▸ About this task: Give back each line of the data exactly as it reads, minus the pictures.

▸ Collected material:
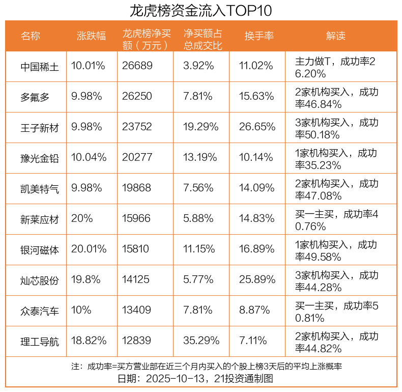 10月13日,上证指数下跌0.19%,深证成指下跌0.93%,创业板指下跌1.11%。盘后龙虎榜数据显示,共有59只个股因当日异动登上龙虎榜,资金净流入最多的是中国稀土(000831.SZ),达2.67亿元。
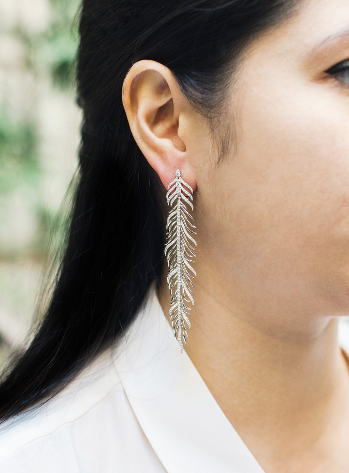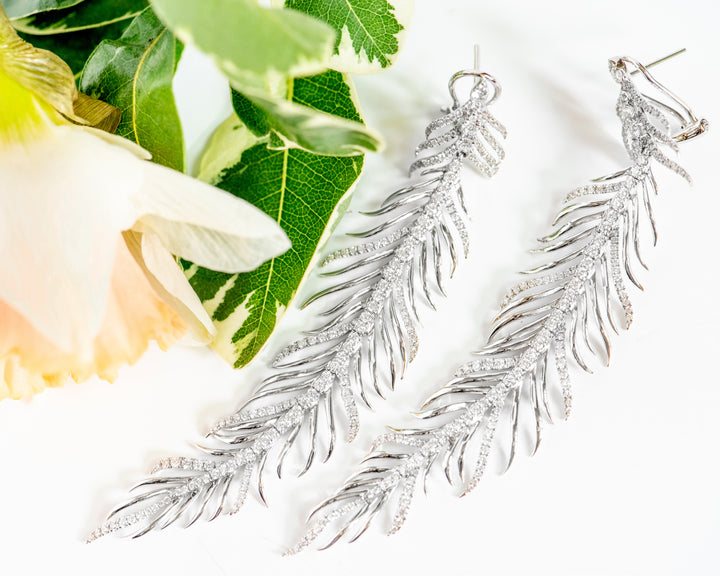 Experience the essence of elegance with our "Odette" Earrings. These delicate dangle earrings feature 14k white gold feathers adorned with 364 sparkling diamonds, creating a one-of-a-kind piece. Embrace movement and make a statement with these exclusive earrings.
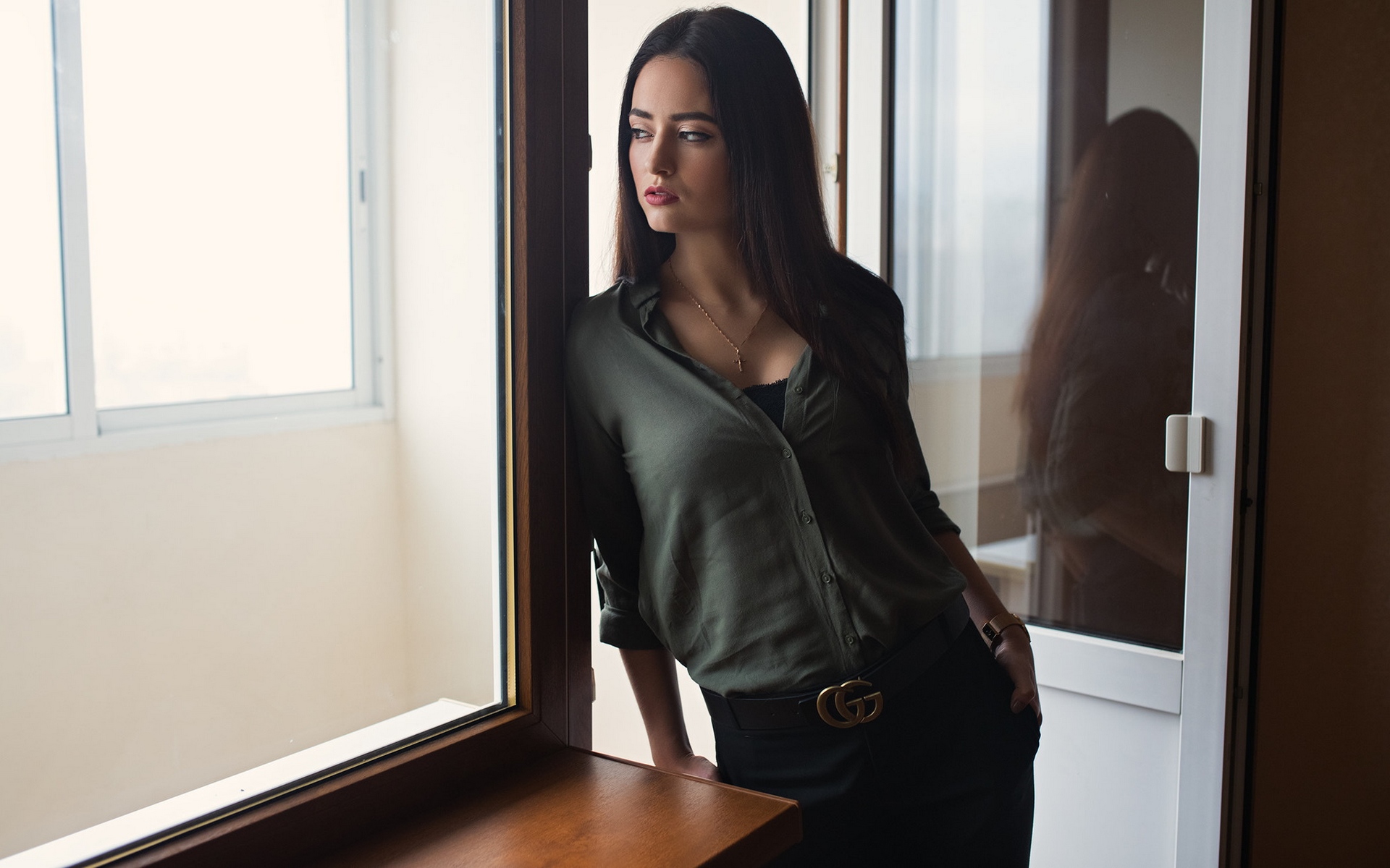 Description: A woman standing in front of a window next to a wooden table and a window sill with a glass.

▸ Response box:
 10月13日,上证指数下跌0.19%,深证成指下跌0.93%,创业板指下跌1.11%。盘后龙虎榜数据显示,共有59只个股因当日异动登上龙虎榜,资金净流入最多的是中国稀土(000831.SZ),达2.67亿元。
 Experience the essence of elegance with our "Odette" Earrings. These delicate dangle earrings feature 14k white gold feathers adorned with 364 sparkling diamonds, creating a one-of-a-kind piece. Embrace movement and make a statement with these exclusive earrings.
 Description: A woman standing in front of a window next to a wooden table and a window sill with a glass.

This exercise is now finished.